1. Integrated System Model
The system investigated in this project is a mini railway station composed of multiple structural and technical subsystems with distinct functional roles. Rather than analysing each component independently, the station is modelled as an integrated system, in which overall performance and safe operation depend on the interactions between subsystems over time. The considered subsystems include railway bridge, concrete stairs , floor, partition wall, and the boiler system. Each subsystem is characterised by different deterioration mechanisms, failure patterns, and maintenance requirements, but all contribute to the overall functionality of the station.
Figure 1. Schematic view of integrated system (Mini Railway Station). derived from Chatgpt
A key feature of the integrated system model is the differentiation between critical and non-critical subsystems. Structural components such as the railway bridge, platforms, and stairs are classified as critical, as their failure can directly compromise system safety and operability. In contrast, subsystems such as partition walls mainly affect local functionality and maintenance demand and do not necessarily lead to system shutdown when failing independently. By integrating the behaviour of all subsystems into a unified system-level representation, the model enables the identification of interactions and overlapping failures that cannot be captured through component-level analysis alone.

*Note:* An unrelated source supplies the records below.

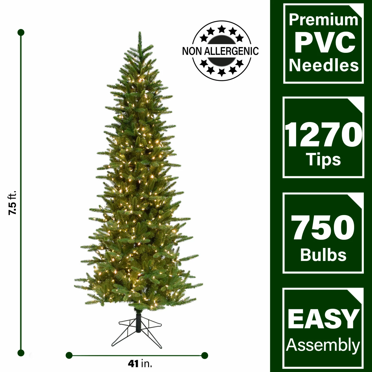 Our Carmel Pine artificial Christmas tree features a trendy slim silhouette, lifelike foliage, and an all-metal hinged branch construction for strength and durability. Its trendy slender form is perfect for small rooms, apartments, and any other area where space is limited. This model is specially crafted using the finest materials to not only look realistic, but to provide you with many seasons of use and enjoyment as well. The tree needles are constructed out of non-allergenic and flame-retardant materials then painted multiple hues of green so no two are exactly alike. With Fraser Hill Farm, enjoy all the long-term benefits that come with owning an artificial tree. Imagine never having to shop, chop, and pay for another natural tree again. With the Carmel Pine Christmas Tree, simply unfold out of storage and decorate!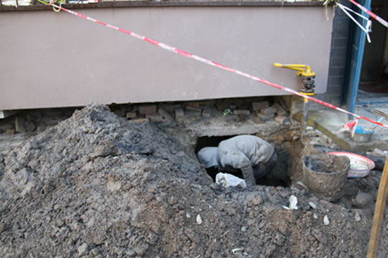 維修工人正在深坑內更換新的鑄鐵排水管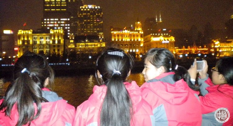 夜间,学生们乘坐邮轮畅游了上海黄浦江。浦江两岸荟萃了上海城市景观的精华,夜幕下的浦江尽显上海都市的柔情。外滩上错落有致的万国建筑,浦东挺拔壮丽的现代高楼,色彩斑斓的霓虹灯光,让同学们惊叹和陶醉。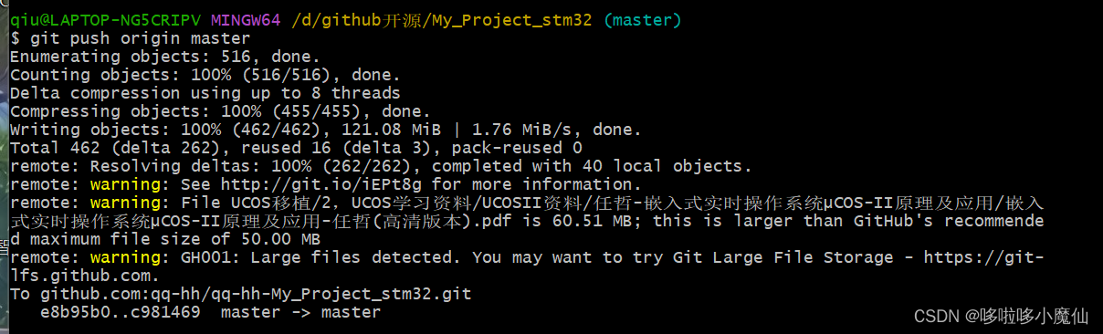 今天在push代码的时候,上传不了,不知道是不是里面有PDF文件的原因,删除之后也无法上传,报错如下: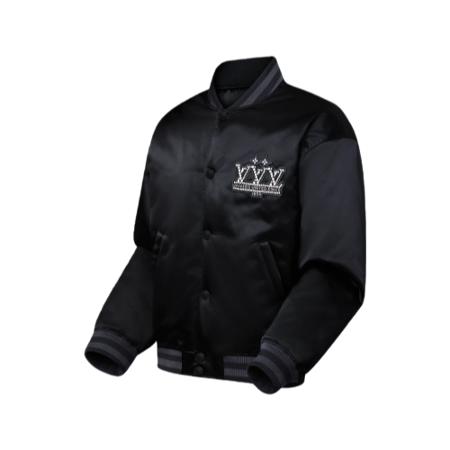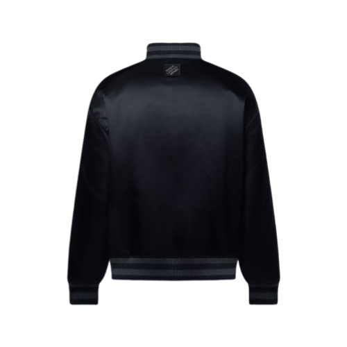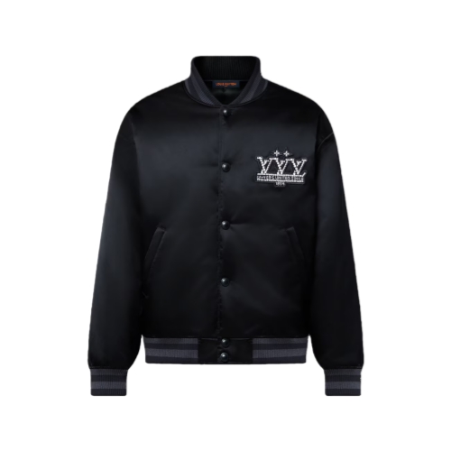 Crafted from lustrous technical canvas, this lightly padded black baseball jacket strikes a sophisticated note with rhinestone-encrusted signatures. A glittering LV Vers United patch from the Spring-Summer 2025 show is emblazoned across the chest, while a smaller LV adorns the back. This versatile piece is easy to mix and match with casual and everyday looks.

2. Objectives of the Integrated System Analysis
The primary objective of the integrated system model is to establish a consistent life-cycle framework that captures subsystem interactions, functional criticality, and the system-level consequences of failure and maintenance decisions. Specifically, the objectives of this study are to:
1. Develop a system-level representation that integrates failure and maintenance behaviour across all subsystems
2. Identify periods of overlapping deterioration and failure that influence overall system performance
3. Support coordinated maintenance planning through system-level analysis rather than component-level optimisation
4. Provide a structured basis for evaluating maintenance strategies in terms of availability, environmental impact, and life-cycle cost
By adopting an integrated system modelling approach, the study enables a comprehensive evaluation of maintenance strategies and supports subsequent life-cycle assessment and multi-objective optimization at the system level.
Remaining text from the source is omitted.